Hoess - Ele me disse que Hitler havia emitido uma ordem para a solução final do problema judaico e que nós, da SS, deveríamos cumprir essa ordem. Se isso não fosse feito, os judeus destruiriam a Alemanha. Eichmann havia escolhido Auschwitz por por estar numa região isolada e ter fácil acesso ferroviário.
Promotor - Essa solução final deveria ser tratada como um segredo de estado?
Hoess - Sim. Ele enfatizou este ponto. Eu não poderia dizer nada, nem mesmo ao meu superior. Tudo deveria ficar entre nós dois.
Promotor - O senhor cumpriu essa promessa?
Hoess - Quebrei-a somente com minha mulher, que tinha ouvido rumores sobre o que se passava no campo.
Promotor - Quando o senhor conheceu Eichmann?
Hoess - Um mês depois de receber a ordem de Himmler. Ele veio a Auschwitz para acertar comigo os detalhes da operação e somente dele eu deveria receber qualquer ordem.
Promotor - Quando os transportes começaram a trazer os judeus, quantos vieram ao campo?

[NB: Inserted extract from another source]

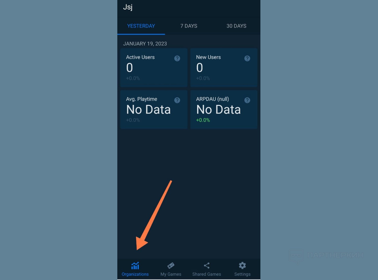Организации — это главный раздел в приложении, в котором можно посмотреть информацию по своей организации и студиях, которые ей принадлежат. Система отображает количество активных юзеров за сутки, количество новых юзеров, а также доход от одного пользователя за сутки и общий доход за день. Для удобства отображаются проценты — они показывают, насколько данные изменились в сравнении с предыдущим днем.

Hoess - Os trens eram diários e traziam cerca de duas mil pessoas. Dois médicos da SS avaliavam a capacidade de trabalho dos prisioneiros.
Promotor - Depois da chegada, os prisioneiros eram desprovidos de tudo que possuíam? É verdade que tinham que se despir e entregar seus valores?
Hoess - É verdade.
Promotor - E eram imediatamente levados para as execuções?
Hoess - Eram.
Promotor - Essas pessoas sabiam o que lhes estava aguardando?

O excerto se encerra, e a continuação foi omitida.